Set the images aside and retype the whole listing exactly.

→ **Information shown**:

----------------

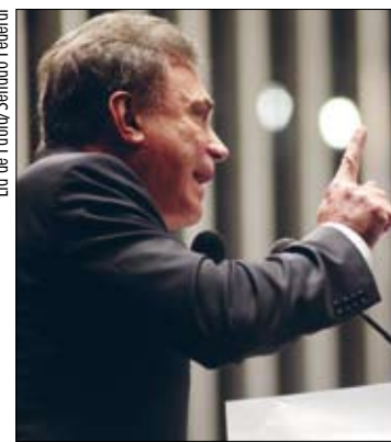
Para senador, problemas da saúde no país são incompetência e corrupção

O pior, acrescentou o líder do PSDB, é que apenas 2,5% das
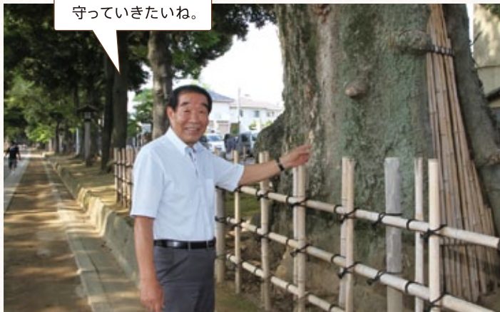
会員たちが自ら製作した竹垣で樹木を保護
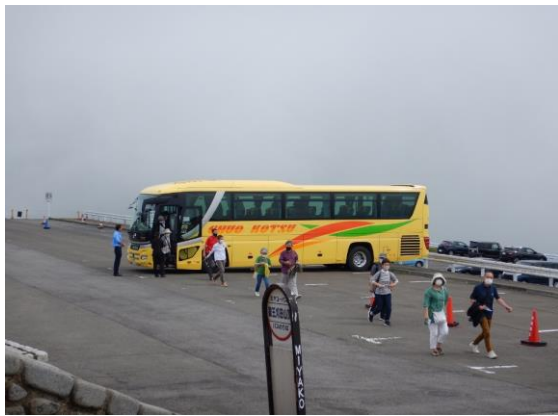
バスツアーの観光客も増えてきました。

----------------

→ **Response to this task**:
Para senador, problemas da saúde no país são incompetência e corrupção

O pior, acrescentou o líder do PSDB, é que apenas 2,5% das
会員たちが自ら製作した竹垣で樹木を保護
バスツアーの観光客も増えてきました。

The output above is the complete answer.